No, to free the moon of Alaris Prime from the Trade Federation, the Jedi heroes team up with none other than a (relatively) young Attitchitcuk. This is, of course, the unpronounceable real name of “Itchy,” Chewbacca’s crotchety father from the much-maligned Star Wars Holiday Special, where he most notably, um, thoroughly enjoyed a virtual reality, uh, “fantasy” portrayed by Diahann Carroll. I have long speculated that Itchy’s catastrophic underbite in the television disaster is a result of injuries sustained here, but no one answers my telephone calls to confirm.


Even with two mouths, I could never scream enough.

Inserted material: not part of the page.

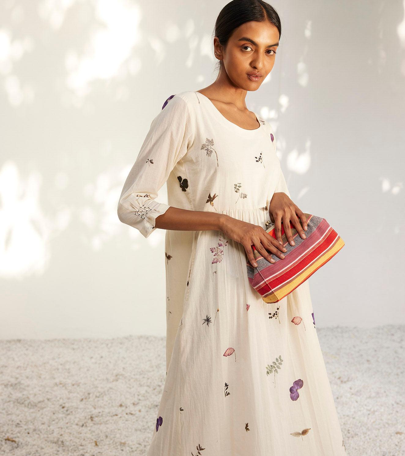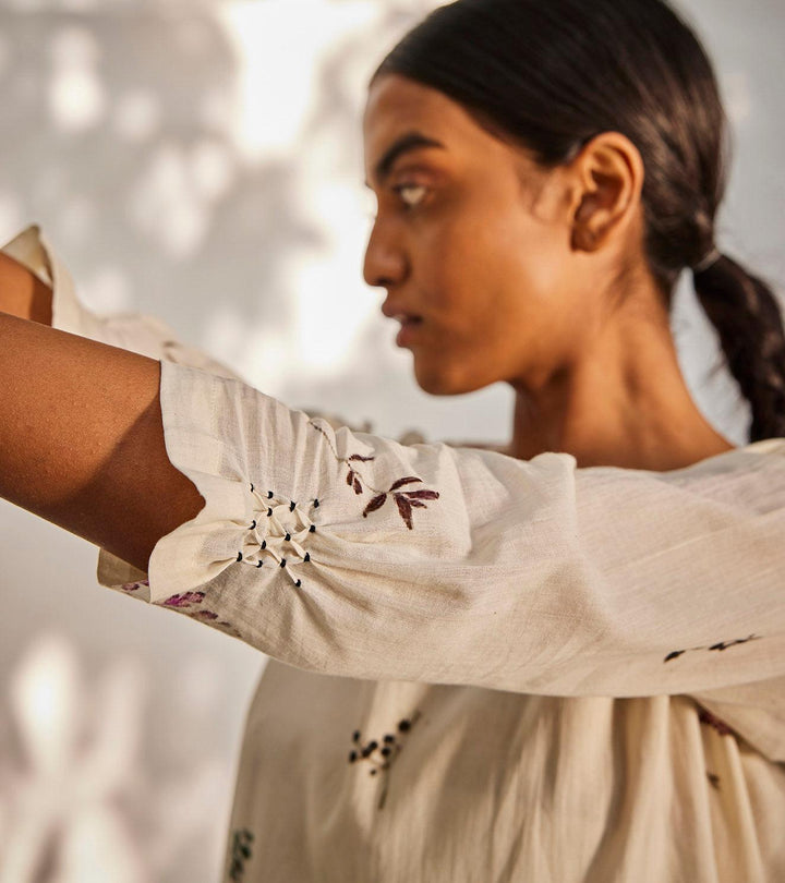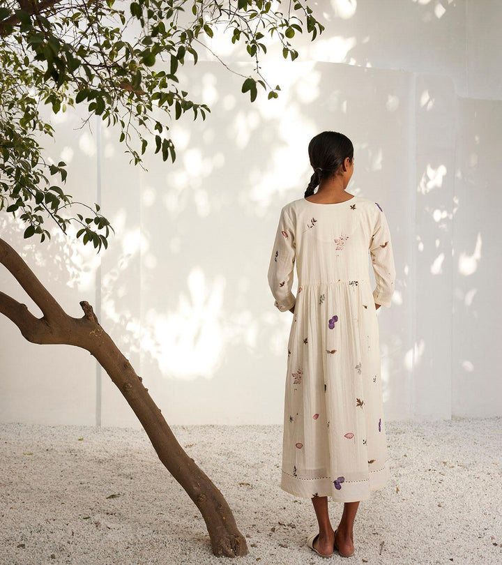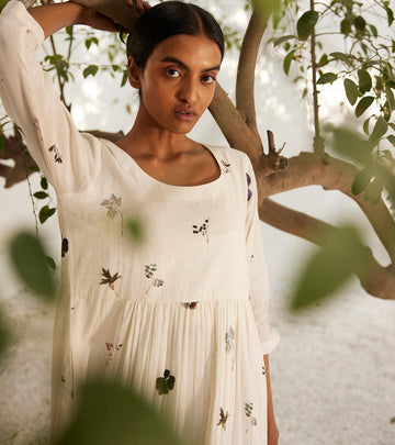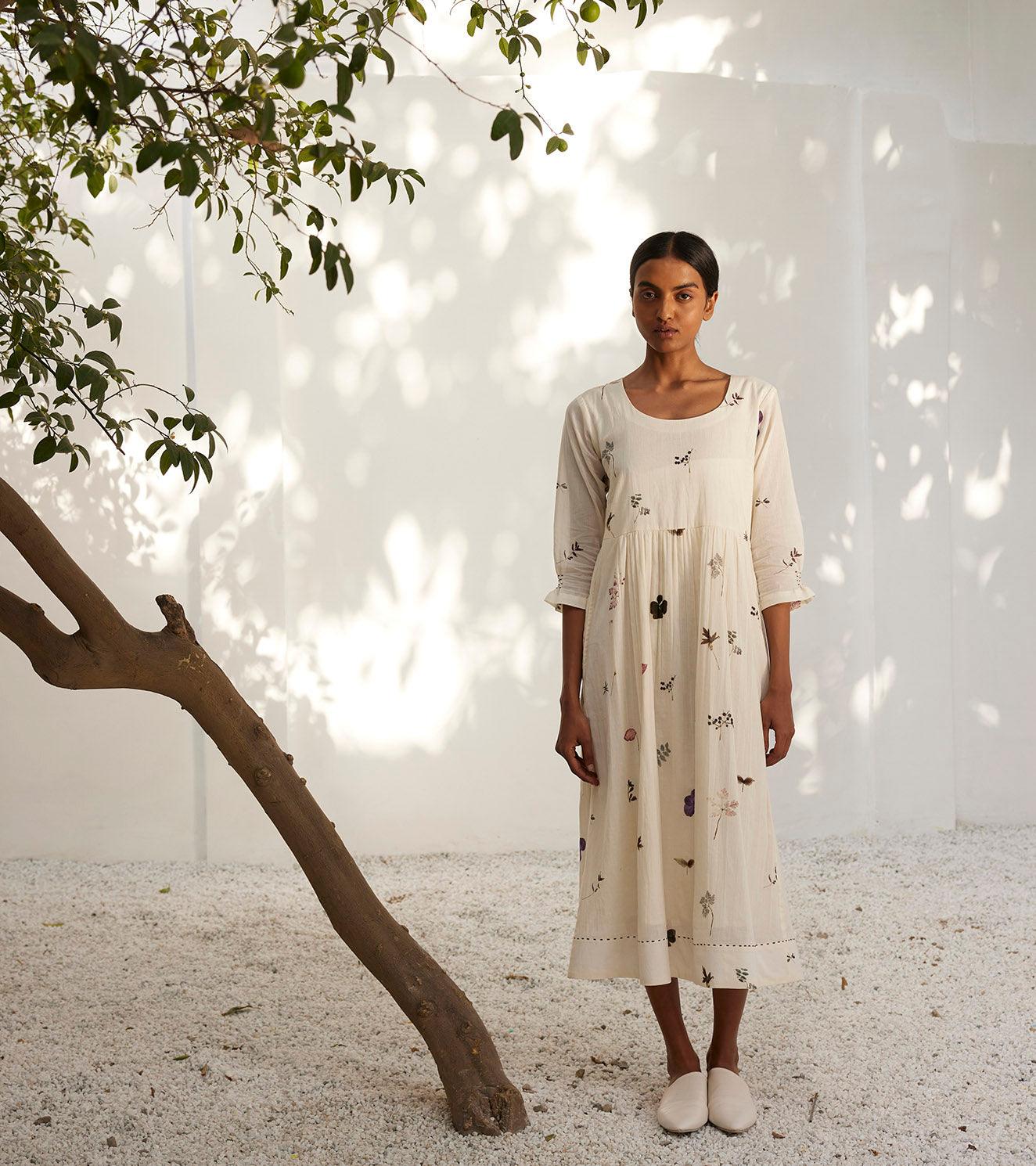 An off-white mulmul cotton dress with gathers at the waistline, smocking around the sleeve hem and hand embroidered running stitches along the dress hemline.

In a universe of giant space worms, two-headed racing commentators, and giant slug crime lords, these guys might take the cake (provided we cut it in half first) for the strangest creatures in the galaxy, with their sole appearance in Knights of the Old Republic, the smash-hit 2003 roleplaying adventure. Two virtually identical specimens appear in the game, serve no role in the story, and are really, really weird.

A large, silent, hunched creature appears to be fused with a baby Xenomorph along its spine. The little body speaks (to humans) for both, telling irrelevant tales of their homeworld with a name unpronounceable by those of us with just one mouth. There is a lot of weirdness in the game’s epic storyline, but these seem by far the most irrelevant. A corpse described in the Star Wars zombie novel Death Troopers has long been speculated to be a Paaerduag, but I feel these abominations are a horror story unto themselves.

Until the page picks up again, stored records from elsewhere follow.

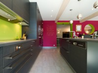 Cuisine aménagement linéaire Les différentes zones de la cuisine sont bien identifiées : Un linéaire de meubles est destiné aux rangements et à la cuisson avec plan de travail Quartz SILESTONE dans lequel sont intégrée une table de cuisson induction et un tepan-yaki les deux surmonté d’une hotte inox et verre. Rangement calculé du solo au plafond avec intégration LED qui apporte un confort lumineux et mette en valeur la crédence verre laqué verte. Aménagement colonne avec combiné four, micro-onde encastré à une haute qui en facilite l’utilisation. Îlot central original aux formes légèrement arrondies, il détermine l’espace de travail l’îlot comporte également une cuve sous plan pour un coin vaisselle. Sur cet îlot, une zone permet de prendre son petit déjeuner, de s’asseoir pour la préparation des repas. Afin d'optimiser les rangements de cette cuisine, nous avons opté pour des rangements toutes hauteurs. Afin de préserver l'environnement naturel dans lequel baigne la cuisine, nous avons choisi un modèle en chêne, teinté gris anthracite pour plus de modernité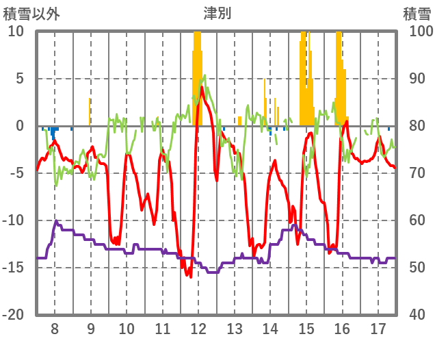 | 日 | 時 | 気温 | 降水 | 風向/風速 | 日照 | 積雪 | 降雪 |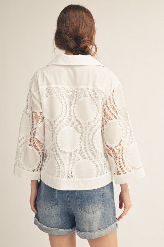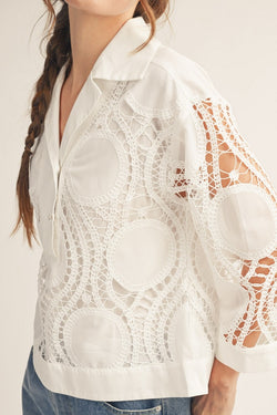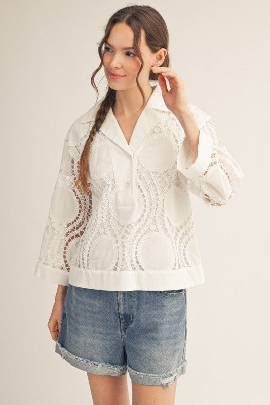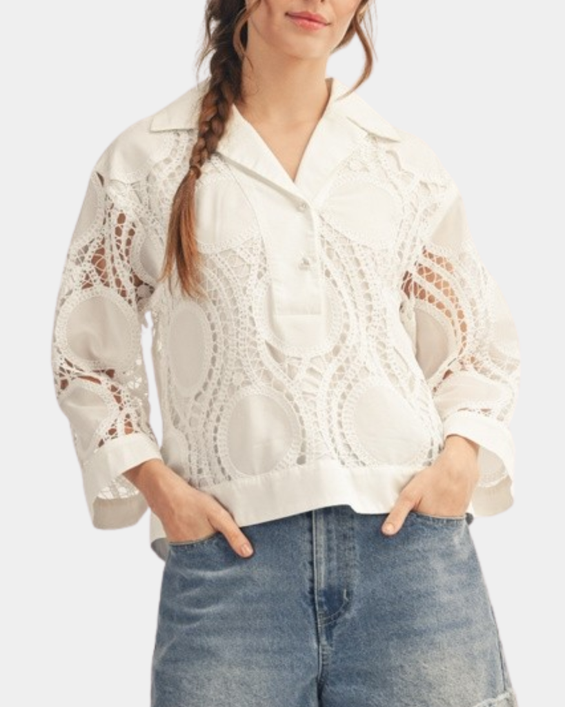 Flirt with elegance in this off-white lace top, where delicate embroidery meets a charming button front. Lightweight and versatile, it's your new go-to for adding instant sophistication to any outfit.

Super Jedi Legal Simulator

Space Court!

Knights of the Old Republic has claimed hundreds of hours of my life and half of this listicle. Sue me. No, really, sue me. On the planet Manaan. Because that’s a thing.

In the midst of chasing down the mythical Star Maps, the player is sidetracked by an ex-Jedi companion’s old friend. He has been accused of murdering a Sith with whom he was having an affair, and he has to stand trial in the Ahto City High Court. At this point, first-time players probably expect that the trial will devolve into violence and you will be forced to protect the defendant with your lightsaber. That is not the case. No, you are his “arbiter,” basically his super-powered criminal defense attorney, and you will depose witnesses and make arguments to either convict or exonerate this guy for potentially hours of precious Sith-slaying time.

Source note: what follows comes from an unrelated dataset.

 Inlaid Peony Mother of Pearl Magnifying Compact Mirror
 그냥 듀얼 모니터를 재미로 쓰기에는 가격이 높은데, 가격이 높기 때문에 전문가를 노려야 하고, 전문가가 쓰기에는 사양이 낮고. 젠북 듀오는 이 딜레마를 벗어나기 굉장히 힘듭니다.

It’s high-stakes jury duty in space. Deal with it.

Gungan Frontier’s Very Existence

There have been plenty of Star Wars games centered around being a Jedi, commanding an army, or flying a starfighter. There have even been a few based around the LEGO toys. There’s a Star Wars game about trading the cards. But there has only been one about managing a Gungan ecosystem, and that’s Gungan Frontier. When I’ve brought this up with friends who don’t remember it, they tend to assume I am joking or lying.

The little-known Lucas Learning children’s PC title released in 1999, just days after The Phantom Menace hit cinemas, casts the player as either Queen Amidala or Obi-Wan Kenobi as they work with Boss Nass and Jar Jar to populate a moon of Naboo with plants, animals, and Gungans. In this forerunner of games like Spore (with a rudimentary creature creator and all) with some SimCity mechanics, players must adequately plan every level of a food chain to ensure a thriving ecological balance with adequate resources for the Gungan city taking root. Really. This was done under the guidance of the Kresch, a disgusting but sacred crab thing that somehow contained the sum of all Gungan ecological knowledge.

Bottom left is the Kresch. All hail the Kresch.

The moon was not without its perils, ranging from probe droid malfunctions to moonquakes to sadistic children like me experimenting with how many blasts of the stun laser (ostensibly in the game to help prevent predators from rampaging in areas they were not meant to go) it takes to down a kaadu. If memory serves, it was, like, six, not that we endorse that behavior. I’m just noting for science. And the Kresch.